The home’s first floor utilizes a radiant floor for first-stage heating and cooling, and six fan coils for second-stage heating and cooling. The second floor uses Jaga Briza 22 fan coils to provide heating and cooling to the upstairs bedrooms, and electric radiant floor for heating the bathrooms. The barn uses a concrete radiant floor for both heating and cooling.
While it seems complex, Rossi said the system is quite simple. Messana designs systems for residential and commercial buildings of all shapes and sizes. The company designed a system for a home in Palo Alto, California that extended across 13,477 square feet as well as a 27,000-square-foot house in Massachusetts. The New Hampshire project covered 5,000 square feet, including 1,500 square feet in the adjacent barn.
“It’s a fairly simple system for the most part,’’ Rossi says. “It’s a single tank with radiant floor heat on the first floor. They used 1-inch thick hardwood floors, which is extremely thick. The Btu output in cooling is not super high. The fan cooling is designed to supplement those areas, to ramp up and down as needed. The upstairs has no radiant heat. The barn has its own radiant floor for heating and cooling but no supplemental coil.”
The perfect temperature
Temperatures in Jackson, located in New Hampshire’s White Mountains, vary widely over the course of a year. During winter, temperatures can dip into single digits while summers can reach the upper 70s. The average temperature in the town of about 1,000 residents is a chilly 41°.
With the extreme temperature changes, Messana’s room comfort sensors play an important role in maintaining the proper setting for the homeowner.
More and more homeowners are embracing the technology that allows for complete temperature control and other comfort settings. Messana’s mSense measures the operative temperature by combining the influence of air and radiant temperature in a way similar to a person’s skin.
Sensors also pick up relative humidity and air quality. A gas sensor measures CO2 and other substances that directly affect a person’s health.
“People typically respond to thermal discomfort by continually readjusting their thermostat,’’ Rossi says. “An air-based thermostat never represents the real human thermal exchange. mSense comfort sensor is an essential element of a climate control system especially in presence of radiant ceiling panels but also in conventional radiant floor and air systems.”
Since New Hampshire winters can call for a significant heating load, Messana also included an HTP Phoenix high-efficiency water heater in the project. The PH130-55 has a Btu/h input range of 35,000-130,000 and a 96% thermal efficiency rating.
“The Phoenix is a backup for the heating side of the house,’’ Rossi says. “When the required buffer tank temperature is not being met, Messana’s controls activate the HTP water heater to assist the air-to-water heat pump in reaching the required buffer tank temperature.”
The Phoenix features a modulating burner that operates at a 5:1 turndown ratio, which provides high system efficiency even during low load conditions.

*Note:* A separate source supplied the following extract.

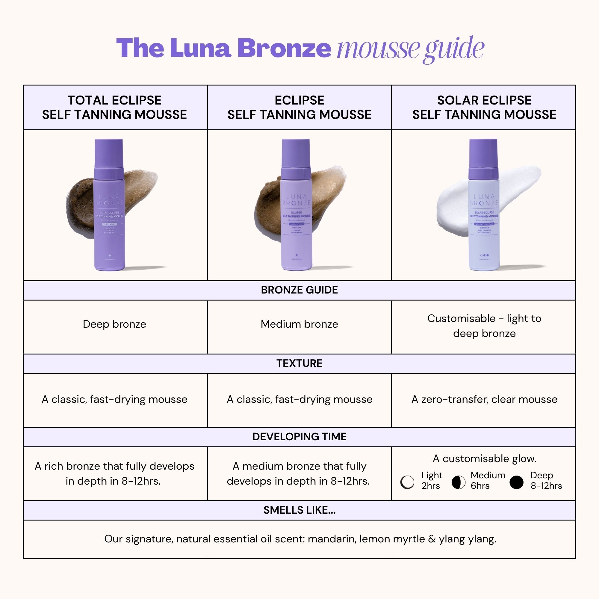 - Select your favourite Luna Bronze Tanning Mousse: either Eclipse Tanning Mousse or Total Eclipse Tanning Mousse will be suited best due to the colour guide.

A laser welded tank constructed with 316L stainless steel resists corrosion and a hybrid cupronickel/stainless steel heat exchanger offers superior heat transfer capabilities and expands and contracts rapidly, eliminating scale build-up and promoting self-cleaning.

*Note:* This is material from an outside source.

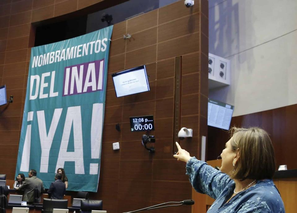Senadoras del PAN colocaron en el Patio del Federalismo y en el Salón de Plenos del Senado, sendas mantas para exigir a la mayoría de Morena y sus aliados, se nombren ya a dos comisionados del Instituto Nacional de Transparencia, Acceso a la Información y Protección de Datos Personales (INAI).

“It’s going to provide plenty of heat, and we were able to add another stage of heating by adding in a pump block without having to buy a whole other boiler,’’ Rossi explains.
Shift to hydronics
Amid the worldwide battle to fight climate change, hydronics can play an important role in reducing a homeowner’s carbon footprint while also saving money. Some sections of the country are adapting more readily, but the shift toward hydronic systems is going to hasten over time.
“You’re going to see more and more demand for hydronics,’’ Rossi says. “They have a much longer life span and the flexibility to use gas and electric, or to even use them together. That’s the long-term plan for cooling and heating in the U.S. Right now, hydronics is such a small market. But it’s very normal in Europe, where a lot of homes already have the infrastructure in place. I think we’re definitely going to see that shift over to the U.S.”